Por Luiz Alberto de Vargas
Desembargador do TRT4 e membro da AJD
“O chamado paradoxo da liberdade é o argumento de que a liberdade, no sentido da ausência de qualquer controle restritivo, deve levar à maior restrição, pois torna os violentos livres para escravizarem os fracos” (Karl Popper)
A famosa polêmica entre Hans Kelsen e Carl Schmidt tinha como centro do debate justamente o papel de um Corte Constitucional no Estado de Direito. Baseado no que se chamou, de forma condescendente como uma “concepção sociológica da Constituição”, o discípulo de Kelsen (que terminou por trair o mestre, para quem não restou outro caminho que o exílio para fugir da perseguição nazista), Carl Schmidt, entendia que a Constituição apenas expressava uma decisão política fundamental do povo em determinado momento histórico, sendo o seu mais legítimo intérprete o Chefe da Nação. Nessa visão claramente antiliberal, não havia espaço para Parlamento livre, nem juízes independentes.

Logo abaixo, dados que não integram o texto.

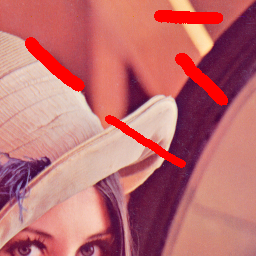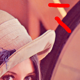 Each inpainted pixel is filled with a color calculated as a weighted average of all already known (i.e. those outside of the inpainting range or those that were already) pixels withing a range specified by the parameter inRange. Using a higher range will result in smoother edges withing the inpainted region. The calculation of the weights is done by analyzing the coherence flow of the input image which is previously smoothed with a gaussian kernel with the standard deviation given in inPreSmoothing. This means that lower values of this parameter will result in more detail being preserved but it may also introduce unwanted artifacts. After computing the coherence direction and strength, those values are also smoothed to allow for better preservation of angled edges. This smoothing is done using a kernel with the standard deviation given in inPostSmoothing. Higher values of this parameter higher quality estimation of angles within the inpainted region but it will also increase the work time of this filter. Additionally one can specify how important the coherence flow information is by using the inSharpness parameter (Setting inSharpness to zero will mean that coherence information is to be ignored). Higher values will stress the importance of preserving the structure of the inpainted image and will result in sharper edges.
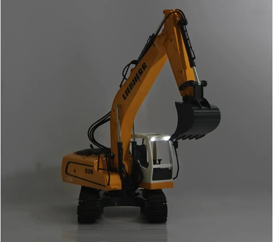 Designed with fully operable joints and a robust metal bucket, the R936 mimics authentic digger movements. The 2.4GHz radio system ensures interference-free multiplayer use, while the 660° rotating tower allows for extended digging range. LED front lights, realistic engine sounds, horn, and a reversing beep complete the immersive experience—ideal for both kids and RC construction model enthusiasts.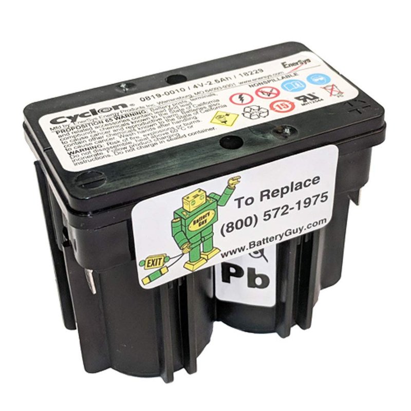This is a Hawker/Cyclon/Enersys 0819-0010 battery widely used in emergency lights. The Hawker/Cyclon/Enersys 0819-0010 4 volt 2.5 Ah Pure Lead battery is a popular replacement battery in many emergency lighting units --- BatteryGuy Supplies Enersys Cyclon, the most reliable Pure Lead Acid Battery in the Industry. Enersys Cyclon has Been Around Since its Inseption in 1973 and has Been Through Several Different Name Changes Since Then. Enersys Cyclon Was Known as Gates Battery and Hawker Battery in the Not so Distant Past. Enersys Cyclon Pure Lead Batteries are Known for their Superior Deep Discharge, Maintaining their Performance in Extreme Conditions, Long Service Life, Rugged Construction as Well as their High Rate Charge and Discharge. The Enersys Cyclon Battery Offers the Greatest High-Rate Power Density for Your Energy Dollar. Chemistry: Pure Lead Acid Dimension: 3.13" L x 1.81" W x 2.75" H Configuration: 2 Cell Monobloc Housing Type: Monobloc Connector Type: 0.187" F1 Faston Tabs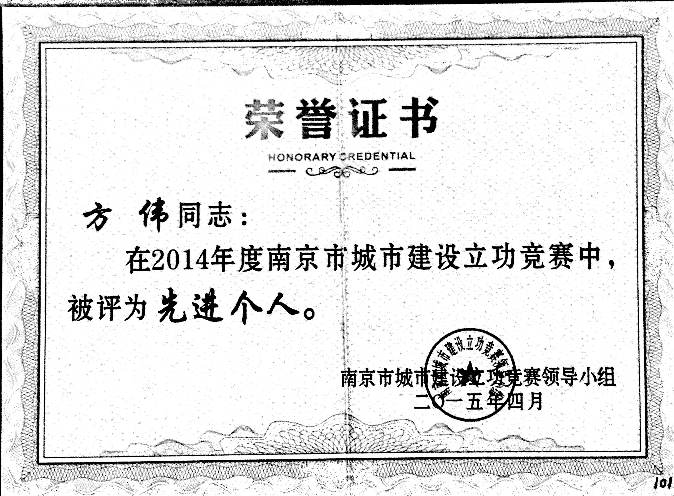 公司方偉在2014年度南京市城市建設立功...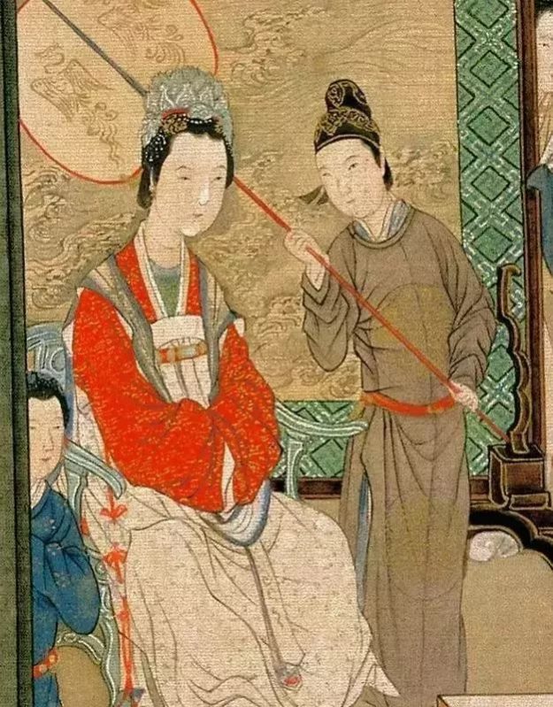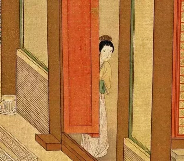 身后的宫苑中有女官在给孔雀喂食,屋内两个执扇的侍者正相背而立,一位衣着朴素的宫婢伫立在半开的门边,眼神望向远方。

Por maiores críticas que possamos ter para o Judiciário (e, provavelmente, também muitos democratas alemãs não compartilhassem as mesmas ideias de Kelsen sobre as excelências de um controle de constitucionalidade concentrado como peça-chave do modelo institucional alemão), uma crônica desconfiança da legitimidade democrática do Judiciário e as acérrimas críticas ao elitismo dos juízes alemães (algo que, hoje, cem anos depois, parece se repetir, no Brasil, com um peculiar tom farsesco), não serviram à época para outra coisa que não minar as bases da incipiente República alemã e abrir caminho para o nazismo. Mesmo parte da esquerda, à época, vacilava em defender a “burguesia” no comando da República de Weimar e se punha ao lado das críticas “populares” ao Judiciário, sustentando que estes não passavam de funcionários públicos que melhor desempenhariam suas funções se estivessem sob controle do “povo” (e, claro, do seu “Chefe”). Tais críticas, independentemente de seu conteúdo, terminaram por ajudar a legitimar a transformação da Justiça liberal e soberana da República de Weimar em um instrumento de opressão e de afirmação do poder nazista que, a partir de 1934, iniciou seu domínio completo do aparelho de Estado por uma “limpeza” de juízes judeus e comunistas.

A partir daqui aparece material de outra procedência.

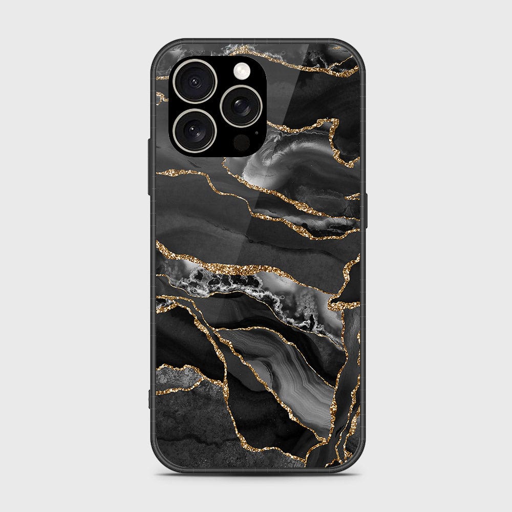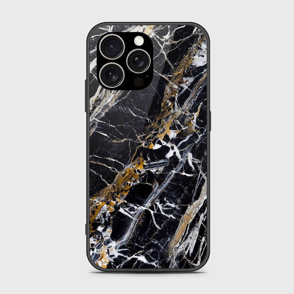 iPhone 15 Pro Cover- Black Marble Series - HQ Ultra Shine Premium Infinity Glass Soft Silicon Borders Case
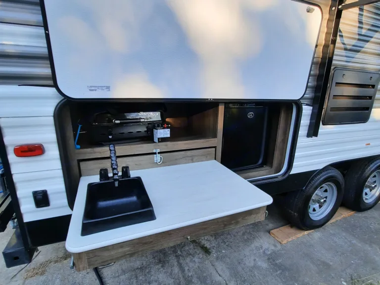 when you wake roll out the awning with the touch of a button, instant shade, relax and grab your favorite beverage from the out side kitchen. nothing like it,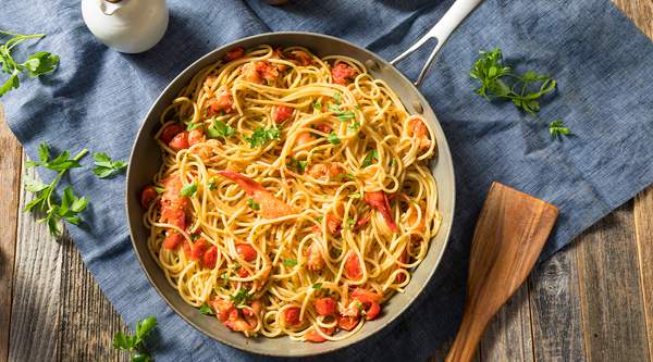 Paste fusilli, creveți, dovlecel, cremă de gătit - 400g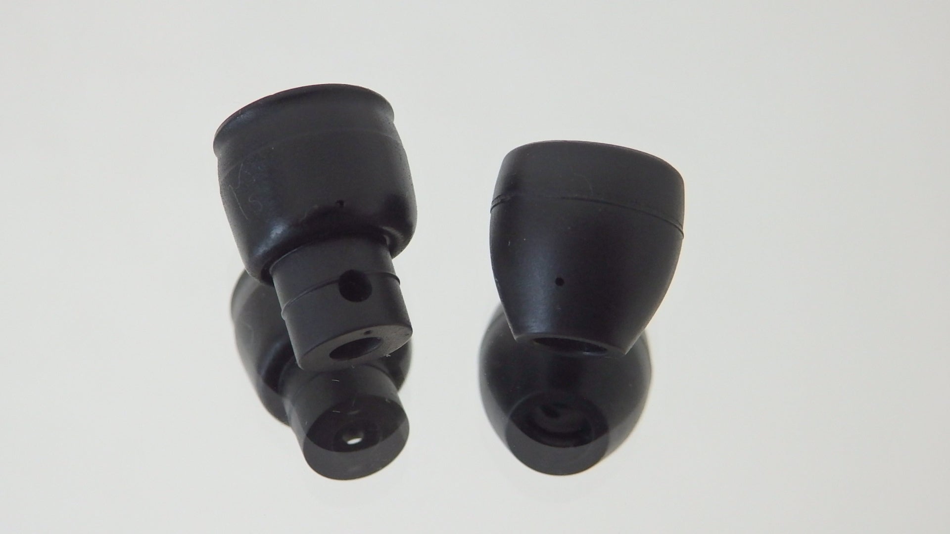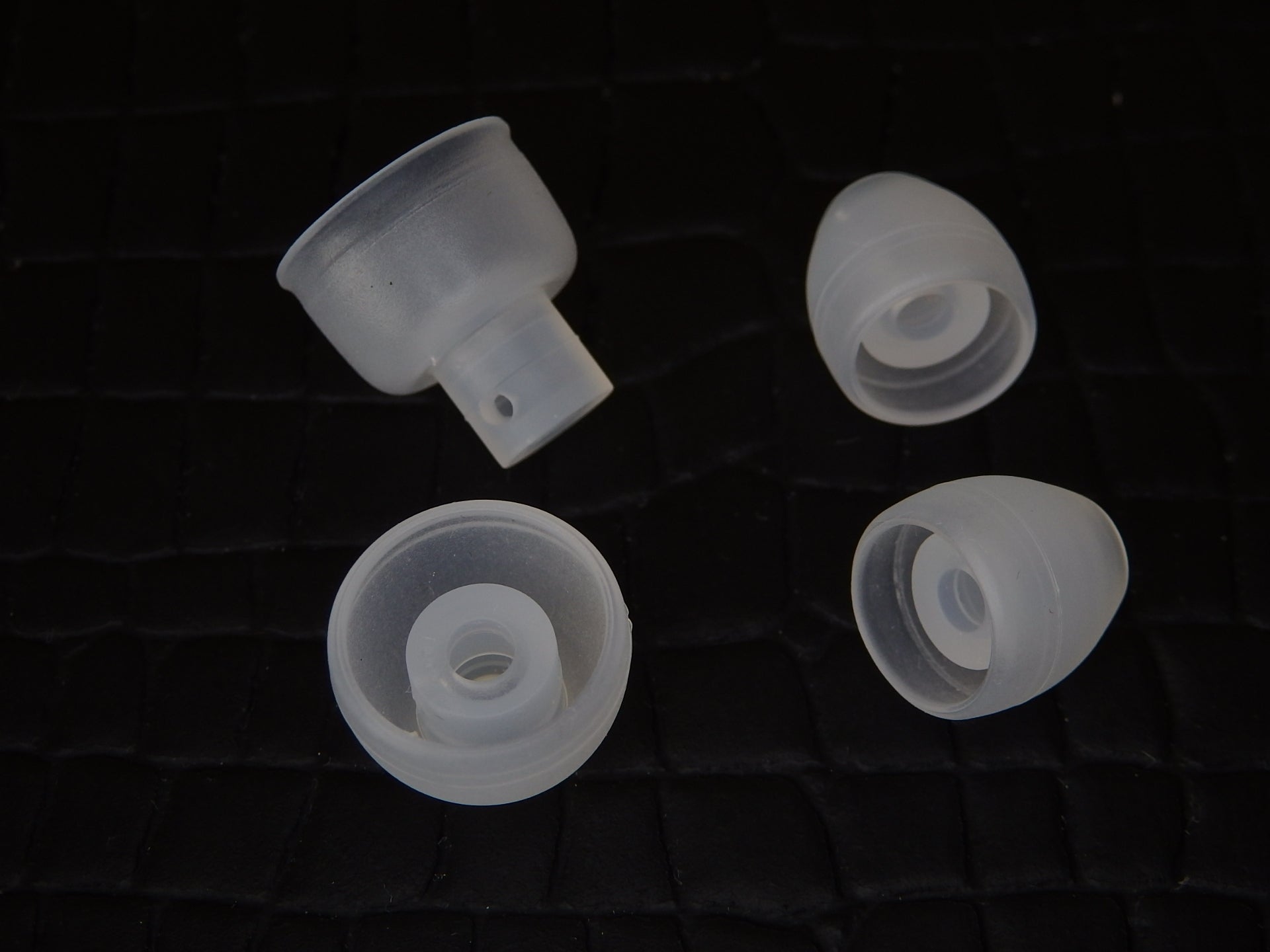 ・イヤホン側から先端に行くに従い放物線の様に外径を変化させ厚みを薄くする事で成立しており、カップ先端は若干巻き込む様にし外耳への挿入性を高めています。通常のイヤーピースでは逆さに入れると、座屈し機能しない事もあります。

Ao se rever esse período histórico, parece claro que foi a omissão POLÍTICA de parte da esquerda alemã (ao não compor com os socialistas moderados, abrindo espaço para a chegada do partido nazista ao poder) um erro particularmente grave: o de não perceber que, em determinados momentos históricos, transigir com parte de determinando ideário programático em prol de uma composição política que viabilize o avanço (ou, no caso, inviabilize o retrocesso). Da mesma forma, não determinar claramente quais os momentos ou formas adequadas para reafirmar críticas ou repetir conceitos, deixando de perceber quais os efeitos políticos concretos que essas críticas causam, é mais que uma ingenuidade política: é uma irresponsabilidade histórica.
Nesse grave momento nacional, em que a cadela do fascismo não apenas está solta – mas arreganha seus dentes -, a única crítica que faço ao Supremo Tribunal Federal é porque demorou tanto tempo para, afinal, em todos nós, democratas, reagir à altura contra graves ameaças ao Estado Democrático de Direito.

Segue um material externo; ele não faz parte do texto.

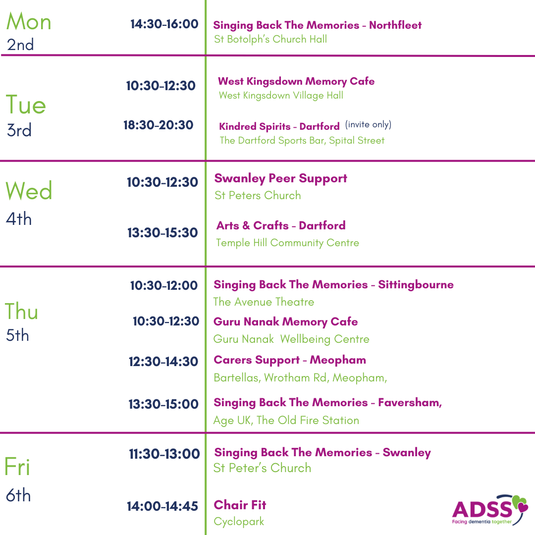 To find out more information about our wellbeing groups, please call us on 01474 533990 or email us at info@alz-dem.org.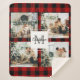 Red Buffalo Plaid & Collage Photo With Initial Sherpa Blanket
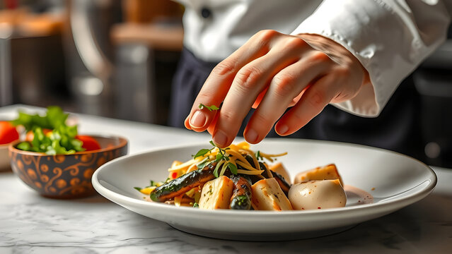 Exquisite Gourmet Dish presented. Restaurant dish. Lunch in a restaurant. For restaurant advertising. Generative ai.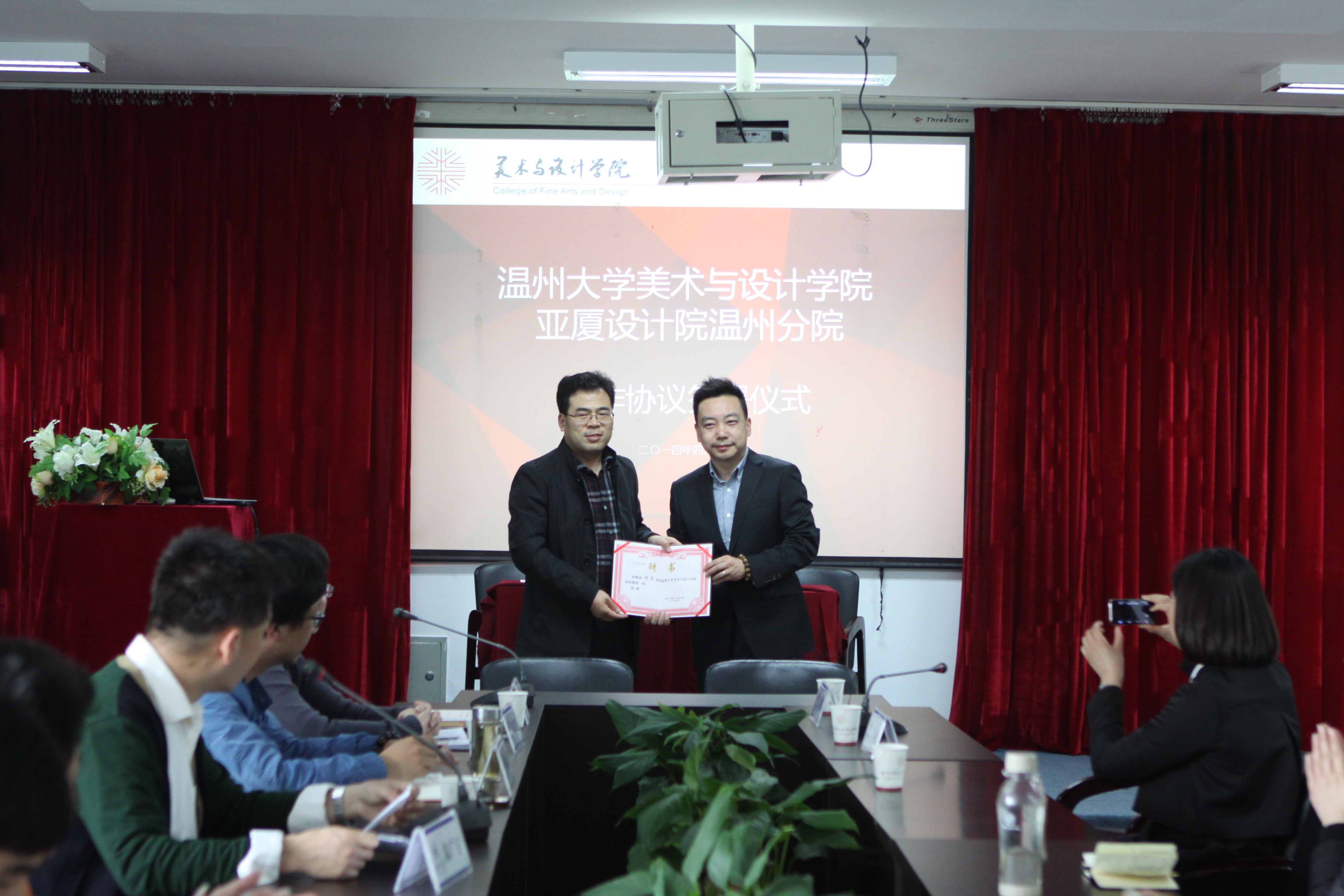 4月9日下午,我院与亚厦设计研究院温州分院合作协议签字仪式在我院2B4001隆重举行。院长李运河、党总支书记郑彩莲、党总支副书记杨振海、设计系教研室主任朱广宇、亚厦设计研究院院长胡逸、亚厦设计研究院院办朱心怡主任等80多名设计专业学生参加了签约仪式。仪式结束后,亚厦设计研究院院长胡逸为我院学生开展了“设计·文化·创业”学术沙龙活动。 李运河院长在致辞中表示:亚厦设计研究院和美术学院的合作从开始到现在一直都是很紧密的,双方在设计与教学理念是相近的。此次合作,亚厦设计院为我院搭建了一个强有力的平台。我们希望基于这个共同的目标,双方携手共进,加强合作,为彼此的发展取得新成果而努力。 在双方代表的见证下,李运河院长代表本院与亚厦设计研究院温州分院胡逸院长签署了《6163银河.net163.am与亚厦设计研究院温州分院合作协议》。签约之后,李运河院长向胡逸院长颁发客座教授聘书。至此,6163银河.net163.am和亚厦设计院温州分院合作签字仪式取得圆满成功! 本次合作是我院与地方合作特色办院的一次助燃器,在此基础上,我院在设计人才培养上将取得喜人成绩!

Aplaudo, como brasileiro e patriota, comovido e agradecido, ao Supremo Tribunal Federal e, se em tese, posso ter alguma crítica a respeito da forma e conteúdo dessa reação, deixo as críticas teóricas para momento político diverso, em tempos em que a democracia não esteja ameaçada; em que juristas “notórios” não estejam a propor “intervenção constitucional” e contumazes golpistas não tentem utilizar as regras democráticas justamente para liquidar a democracia. Se houve algum excesso na legítima defesa que o Supremo faz do Estado Democrático do Direito, haveremos de analisar melhor e de forma mais aprofundada em tempos de paz. Não se trata de exaltar o punitivismo, mas de não defender a impunidade a pretexto de abolicionismo penal
Para obter a paz, é preciso lutar por ela!